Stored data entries
■ ■ ■
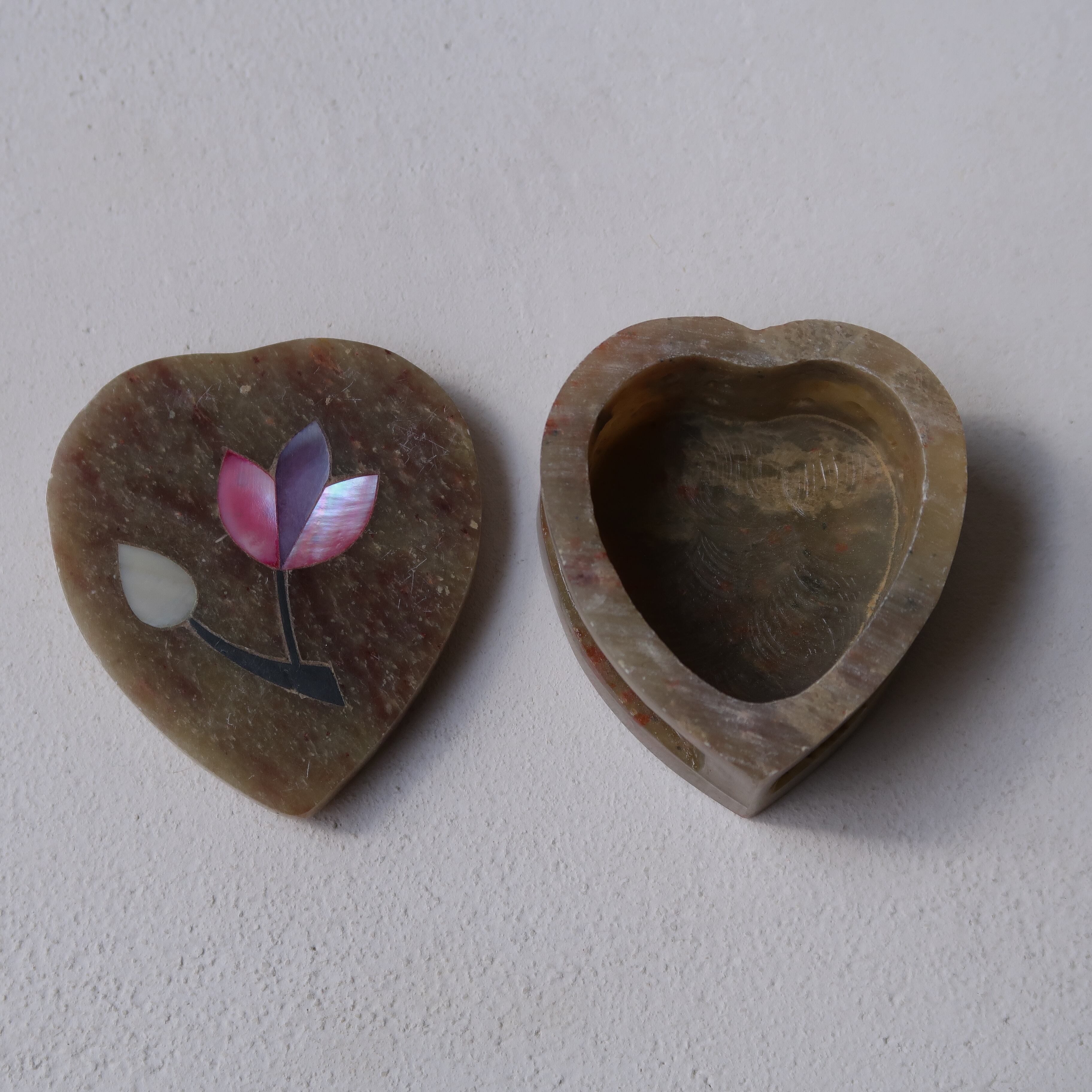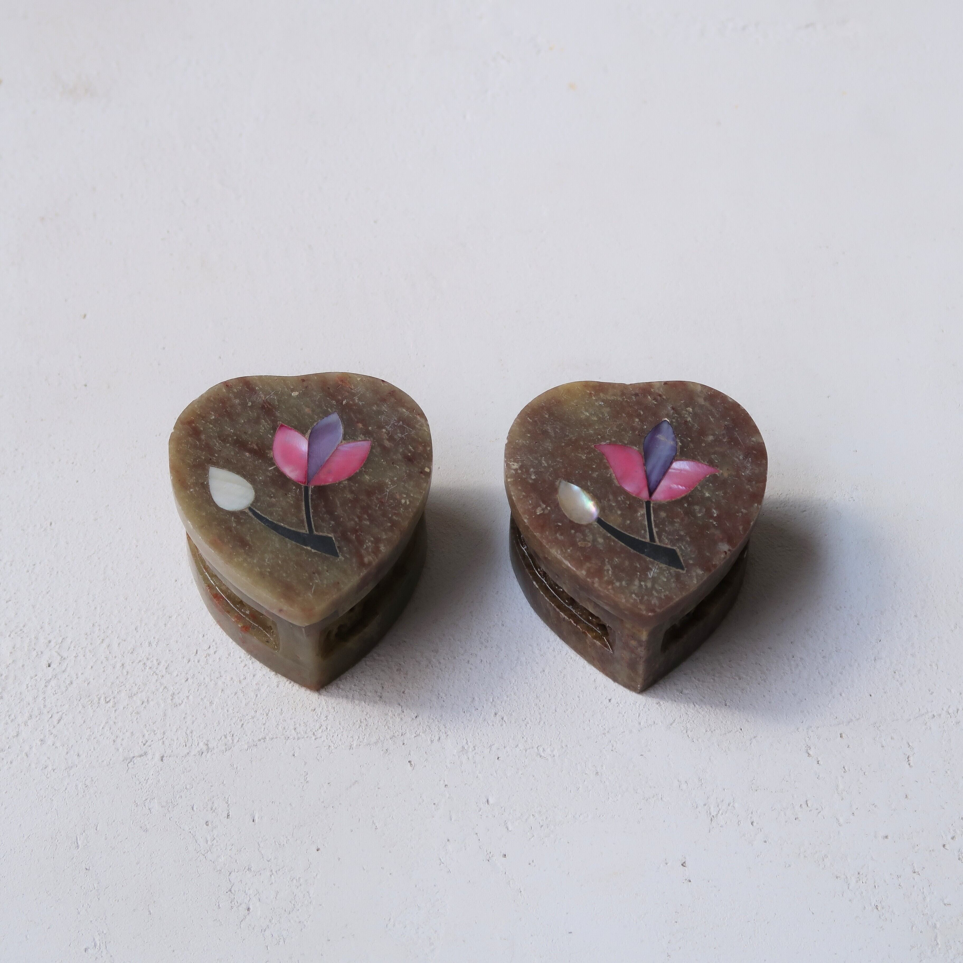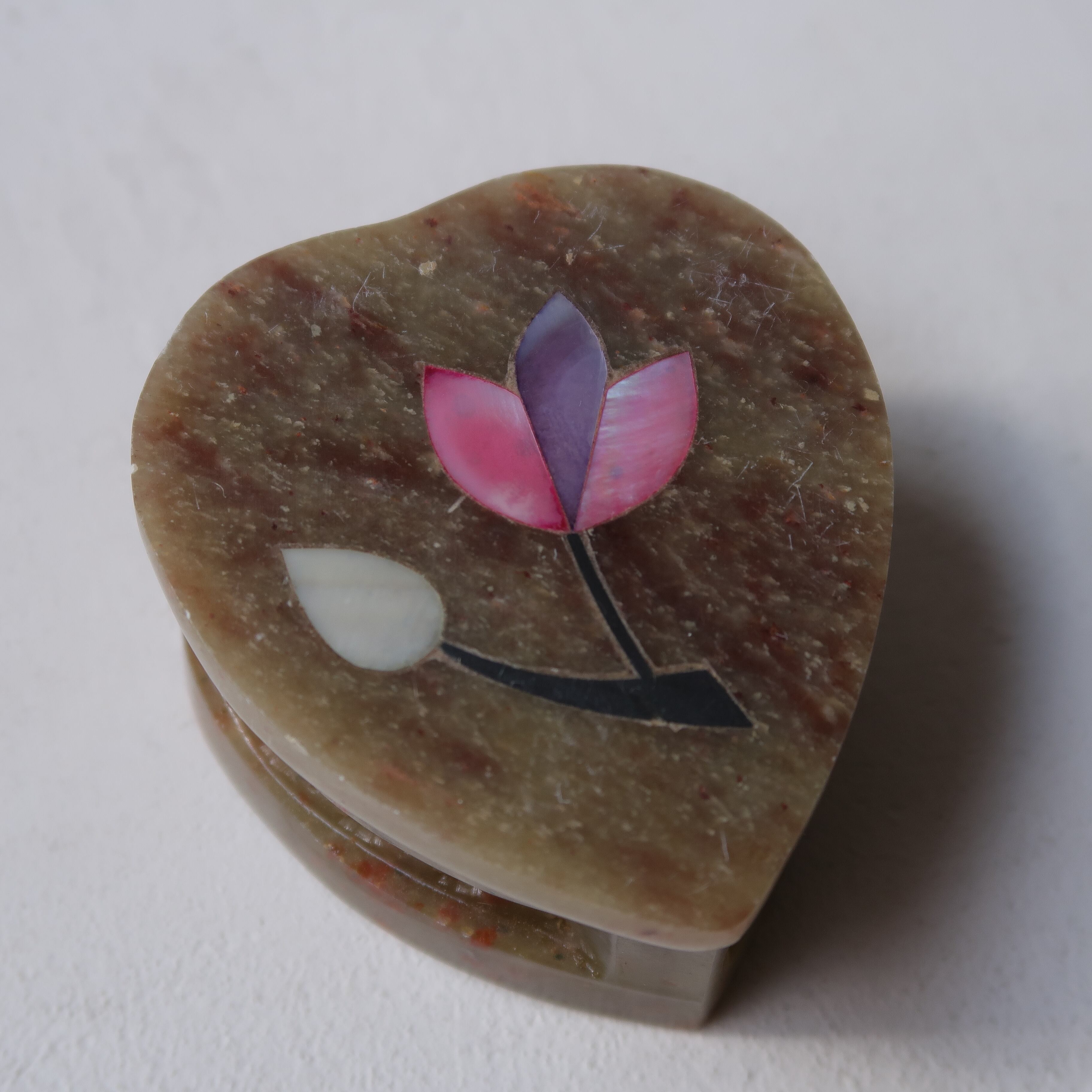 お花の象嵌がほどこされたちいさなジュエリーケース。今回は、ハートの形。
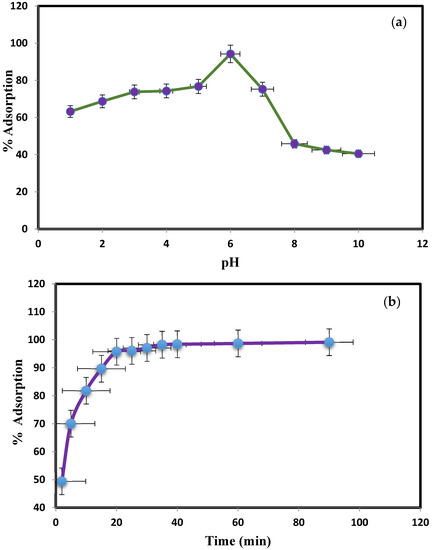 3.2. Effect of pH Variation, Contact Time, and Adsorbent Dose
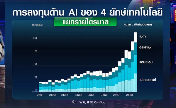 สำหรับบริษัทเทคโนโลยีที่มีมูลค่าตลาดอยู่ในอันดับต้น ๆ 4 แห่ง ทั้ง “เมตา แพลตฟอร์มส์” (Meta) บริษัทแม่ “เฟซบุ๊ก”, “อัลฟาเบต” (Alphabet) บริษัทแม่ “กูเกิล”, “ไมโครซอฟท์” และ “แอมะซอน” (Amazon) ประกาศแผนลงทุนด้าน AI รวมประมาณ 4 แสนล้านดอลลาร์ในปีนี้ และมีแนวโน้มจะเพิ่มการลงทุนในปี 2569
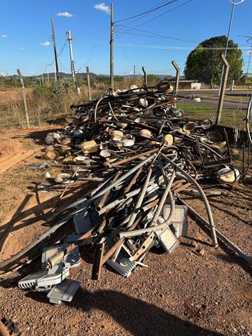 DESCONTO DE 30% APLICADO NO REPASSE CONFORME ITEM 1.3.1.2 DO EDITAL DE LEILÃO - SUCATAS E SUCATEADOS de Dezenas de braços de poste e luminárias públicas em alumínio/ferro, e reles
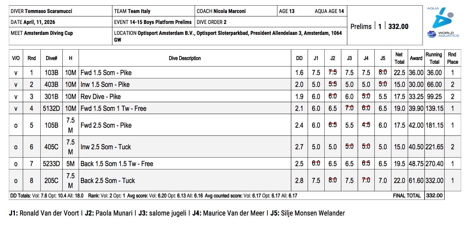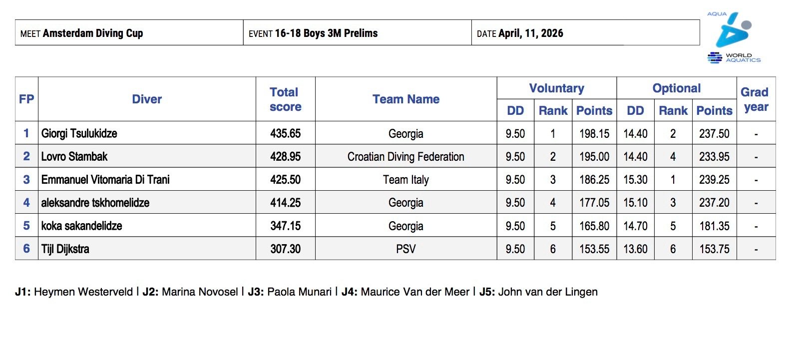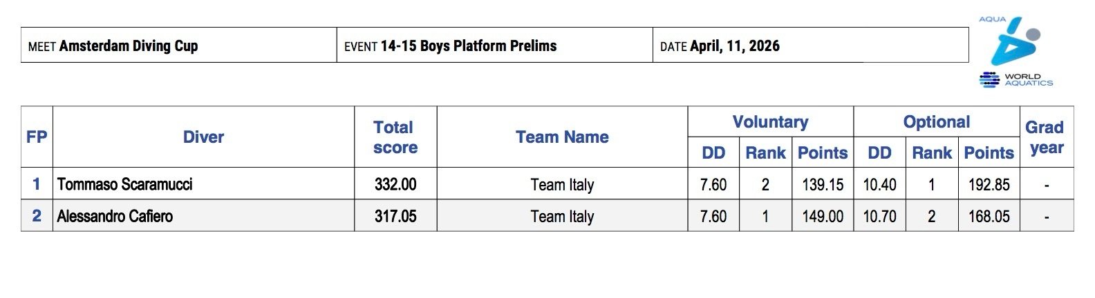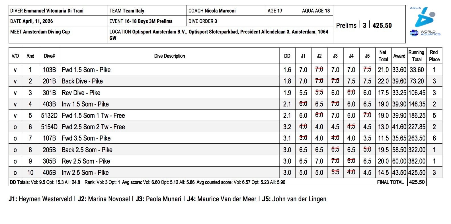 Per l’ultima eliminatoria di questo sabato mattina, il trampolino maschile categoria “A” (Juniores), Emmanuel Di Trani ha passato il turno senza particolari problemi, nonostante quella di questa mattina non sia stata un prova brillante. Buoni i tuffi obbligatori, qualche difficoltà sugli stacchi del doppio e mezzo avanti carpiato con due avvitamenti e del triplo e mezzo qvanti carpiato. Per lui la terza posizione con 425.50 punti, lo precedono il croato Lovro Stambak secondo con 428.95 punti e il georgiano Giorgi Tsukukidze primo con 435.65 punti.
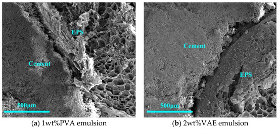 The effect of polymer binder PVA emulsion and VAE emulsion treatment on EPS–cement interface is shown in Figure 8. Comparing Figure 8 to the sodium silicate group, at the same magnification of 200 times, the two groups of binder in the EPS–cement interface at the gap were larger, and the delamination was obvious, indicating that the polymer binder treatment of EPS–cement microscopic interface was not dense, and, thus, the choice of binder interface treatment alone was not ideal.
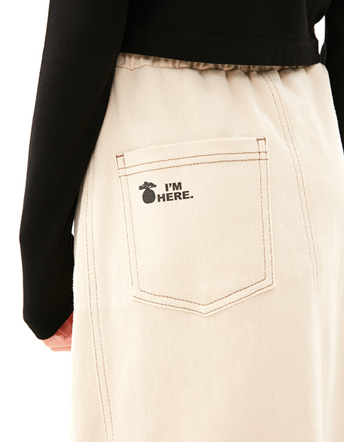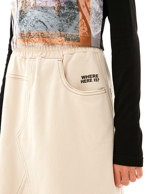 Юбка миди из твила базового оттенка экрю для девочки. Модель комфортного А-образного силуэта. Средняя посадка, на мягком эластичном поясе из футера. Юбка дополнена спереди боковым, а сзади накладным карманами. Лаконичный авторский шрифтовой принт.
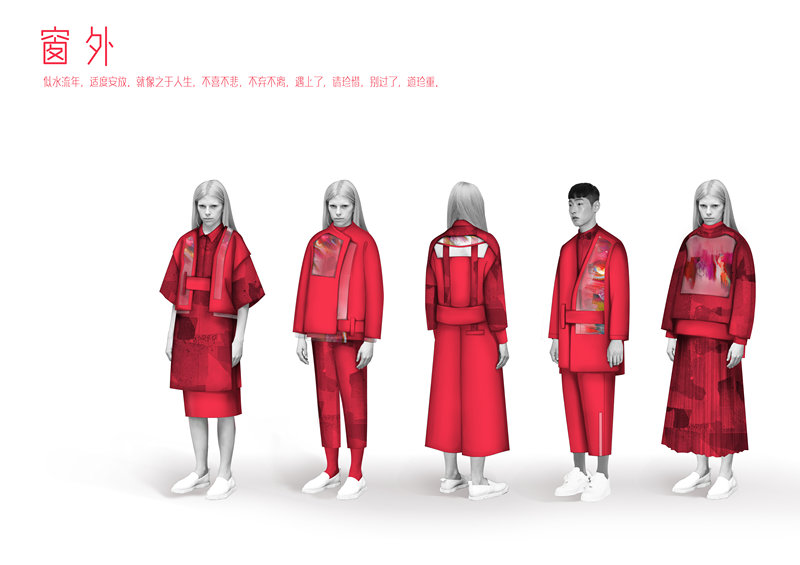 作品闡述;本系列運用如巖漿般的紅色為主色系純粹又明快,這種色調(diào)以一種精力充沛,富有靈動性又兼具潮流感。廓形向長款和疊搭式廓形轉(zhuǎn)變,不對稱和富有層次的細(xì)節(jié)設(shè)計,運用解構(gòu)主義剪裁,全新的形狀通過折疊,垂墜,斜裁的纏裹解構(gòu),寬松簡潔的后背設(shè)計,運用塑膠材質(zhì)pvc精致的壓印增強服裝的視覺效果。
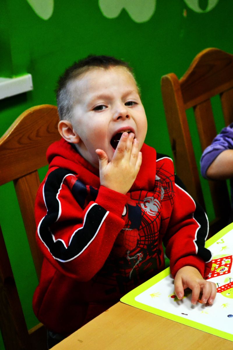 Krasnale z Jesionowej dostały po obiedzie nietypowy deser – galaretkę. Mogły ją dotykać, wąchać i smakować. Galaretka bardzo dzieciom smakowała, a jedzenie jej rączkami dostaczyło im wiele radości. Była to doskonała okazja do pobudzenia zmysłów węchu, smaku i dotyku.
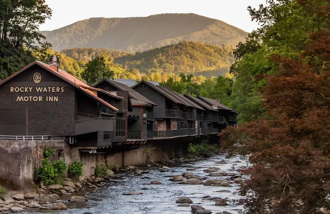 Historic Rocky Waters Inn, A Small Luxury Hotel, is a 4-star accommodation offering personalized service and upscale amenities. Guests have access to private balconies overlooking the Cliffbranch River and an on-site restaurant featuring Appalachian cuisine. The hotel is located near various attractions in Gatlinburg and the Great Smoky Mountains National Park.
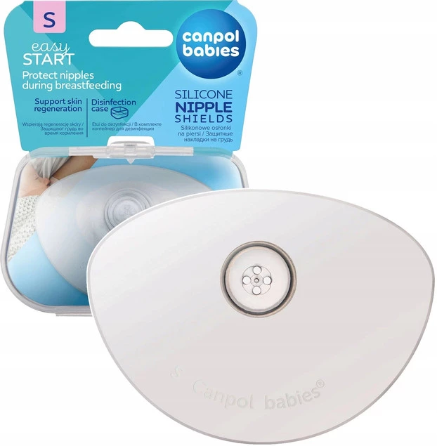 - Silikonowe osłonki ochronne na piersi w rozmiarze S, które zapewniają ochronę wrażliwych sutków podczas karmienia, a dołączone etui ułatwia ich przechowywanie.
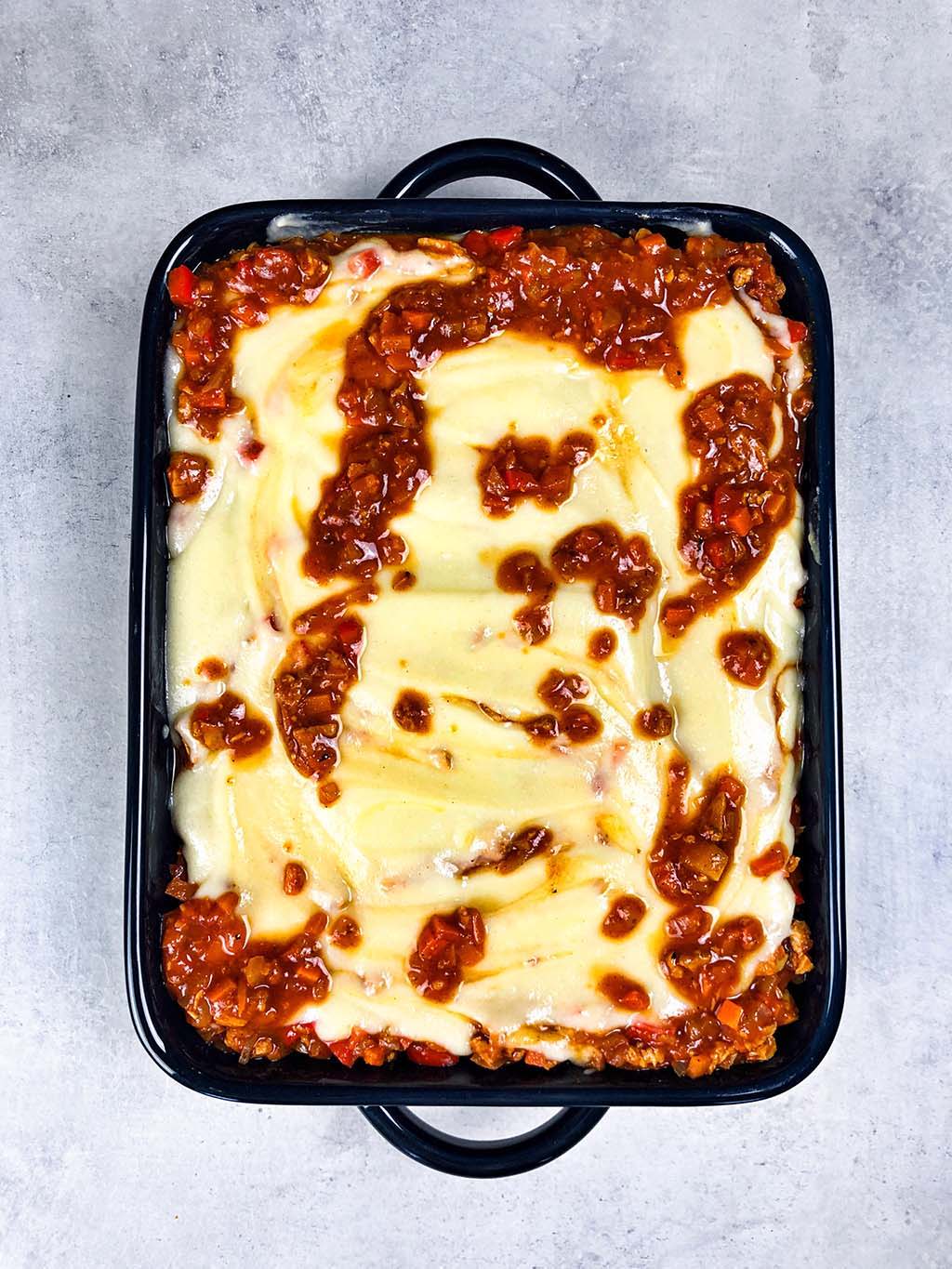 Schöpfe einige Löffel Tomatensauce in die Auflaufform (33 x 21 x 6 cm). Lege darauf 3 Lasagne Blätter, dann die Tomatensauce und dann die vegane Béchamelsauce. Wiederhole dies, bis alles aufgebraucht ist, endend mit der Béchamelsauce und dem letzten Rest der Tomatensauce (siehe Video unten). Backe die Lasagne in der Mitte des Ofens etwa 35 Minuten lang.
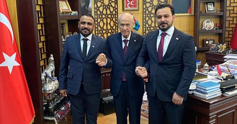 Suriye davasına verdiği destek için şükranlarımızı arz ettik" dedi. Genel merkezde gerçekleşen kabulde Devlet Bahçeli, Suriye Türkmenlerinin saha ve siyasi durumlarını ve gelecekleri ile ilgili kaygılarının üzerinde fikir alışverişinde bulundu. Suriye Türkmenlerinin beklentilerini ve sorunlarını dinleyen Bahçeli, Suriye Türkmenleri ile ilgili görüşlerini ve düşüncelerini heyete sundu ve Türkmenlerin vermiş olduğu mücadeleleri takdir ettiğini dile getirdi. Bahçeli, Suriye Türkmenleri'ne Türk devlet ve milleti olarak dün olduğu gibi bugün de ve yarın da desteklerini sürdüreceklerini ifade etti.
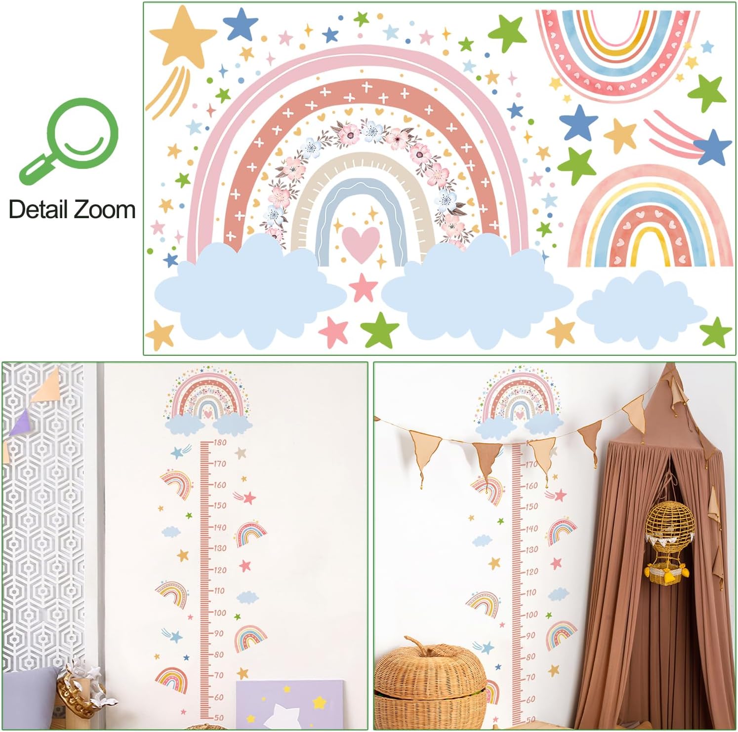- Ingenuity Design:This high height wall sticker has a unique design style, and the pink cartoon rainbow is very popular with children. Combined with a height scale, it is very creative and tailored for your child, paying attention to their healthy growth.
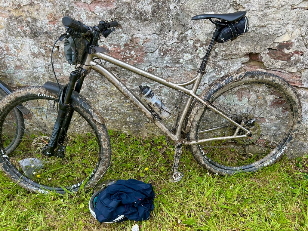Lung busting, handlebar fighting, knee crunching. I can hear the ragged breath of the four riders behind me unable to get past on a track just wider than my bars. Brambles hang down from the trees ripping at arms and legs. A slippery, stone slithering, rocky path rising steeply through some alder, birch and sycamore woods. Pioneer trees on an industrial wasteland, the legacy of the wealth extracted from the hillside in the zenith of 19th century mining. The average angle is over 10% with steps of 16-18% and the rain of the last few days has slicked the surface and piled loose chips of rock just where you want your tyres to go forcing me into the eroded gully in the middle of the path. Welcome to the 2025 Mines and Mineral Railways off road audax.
■ ■ ■
### WORK REQUEST
Your copy should hold only the lines above from the one containing "Per l’ultima eliminatoria" through the one containing "Юбка миди из", exactly as written and free of pictures.

### SOLUTION
 Per l’ultima eliminatoria di questo sabato mattina, il trampolino maschile categoria “A” (Juniores), Emmanuel Di Trani ha passato il turno senza particolari problemi, nonostante quella di questa mattina non sia stata un prova brillante. Buoni i tuffi obbligatori, qualche difficoltà sugli stacchi del doppio e mezzo avanti carpiato con due avvitamenti e del triplo e mezzo qvanti carpiato. Per lui la terza posizione con 425.50 punti, lo precedono il croato Lovro Stambak secondo con 428.95 punti e il georgiano Giorgi Tsukukidze primo con 435.65 punti.
 The effect of polymer binder PVA emulsion and VAE emulsion treatment on EPS–cement interface is shown in Figure 8. Comparing Figure 8 to the sodium silicate group, at the same magnification of 200 times, the two groups of binder in the EPS–cement interface at the gap were larger, and the delamination was obvious, indicating that the polymer binder treatment of EPS–cement microscopic interface was not dense, and, thus, the choice of binder interface treatment alone was not ideal.
 Юбка миди из твила базового оттенка экрю для девочки. Модель комфортного А-образного силуэта. Средняя посадка, на мягком эластичном поясе из футера. Юбка дополнена спереди боковым, а сзади накладным карманами. Лаконичный авторский шрифтовой принт.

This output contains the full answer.